NATO airstrikes, night raids blamed for Afghan IDP crisis –report
Wed, 29 Jun 2011 15:58 GMT
An Afghan woman clad in burqa begs with her children near a newly constructed building in Kabul June 14, 2011. REUTERS/Mohammad Ismail
By Katie Nguyen
LONDON (AlertNet) - More than 250,000 Afghans have fled their villages in the last two years, Refugees International said in a report blaming U.S. counterinsurgency strategy for causing greater instability in Afghanistan and forcing more people from their homes.
"President Obama's strategy in Afghanistan has not prioritized the needs of hundreds of thousands of Afghans whose lives have been made worse since the war began," Refugees International President Michel Gabaudan said in a statement.
Not only have NATO-led troops and Afghan forces failed to protect Afghans, but international airstrikes and night raids by U.S. Special Forces were destroying homes, crops and infrastructure, traumatising civilians and displacing tens of thousands of people, the advocacy group said.
The number of people displaced since the beginning of the year has more than doubled to 91,000 compared to the same period last year. In the north alone, nearly 30,000 people have been uprooted, a sevenfold increase compared to last year, it said.
Internal displacement is not new in a country that has suffered a decade of conflict. But the pattern of displacement in Afghanistan had changed, U.S.-based Refugees International said.
"Before the military escalated its campaign, Afghans were fleeing for brief periods and returning home shortly thereafter," it said. "Now, people are increasingly unwilling to go back to their homes because they are afraid their villages are unsafe."
Exacerbating the crisis were militias, many funded and trained by the United States as part of the Afghan Local Police programme favoured by U.S. General David Petraeus.
Security analysts have repeatedly raised fears the units could lead to a repeat of the tribal militias that received covert U.S. backing to fight the 1979 Soviet invasion, before later turning on their own government.
The defence units are meant to provide security for villagers wanting to resist the Taliban. But many of them are increasing insecurity, particularly in the south, with members accused of looting, harassing and forcibly taxing villages, Refugees International said.
It called on the U.S. Congress to withhold funding for the initiative until proper recruitment, vetting and command/control systems were in place.
LIMITED HUMANITARIAN RESPONSE
Refugees International's report comes a week after President Barack Obama announced he was ordering 10,000 U.S. troops to withdraw from Afghanistan by the end of the year and 23,000 more by next summer, leaving some 70,000 U.S. troops on the ground.
The report, based on field research carried out last month, also criticised foreign and Afghan troops for failing to share information with aid organisations about the humanitarian needs and displacement patterns in areas where they operate.
In a symptom of the "fractured" relations aid groups had with the military brass, monthly NGO meetings with the deputy commander of the NATO-led International Security Assistance Force (ISAF) in Kabul had stopped altogether, Refugees International said.
"At best, military coordination with humanitarian agencies is ad-hoc and personality-driven, worsened by the high turnover rates of the military," it said.

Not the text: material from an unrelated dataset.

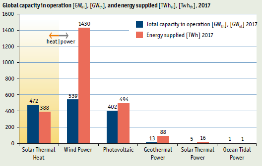 报告显示,截至2017年底,全球大型太阳能热利用系统数量达到296个,其集热面积达1,741,344平方米(1.2GWth)。由于这只占全球总容量的0.3%,显然还有很大的增长潜力。

To tackle increasingly difficult humanitarian challenges in Afghanistan, the United Nations should immediately fill the post of Humanitarian Coordinator, which has been vacant for seven months, Refugees International said.
It also suggested that the U.N. Office for the Coordination of Humanitarian Affairs (OCHA) and the U.N. refugee agency UNHCR double the number of humanitarian affairs and protection officers. For example, UNHCR has only one protection officer to cover nine northern provinces.
Not only have Afghans had to contend with the conflict but a drought in the north and increasing food prices have made life harder, leaving few options for safety or survival.
In one case a group of internally displaced people from northwestern Badgis province told researchers they had been uprooted more than five times in one year, and were forced to live in a cave during one period of intense fighting.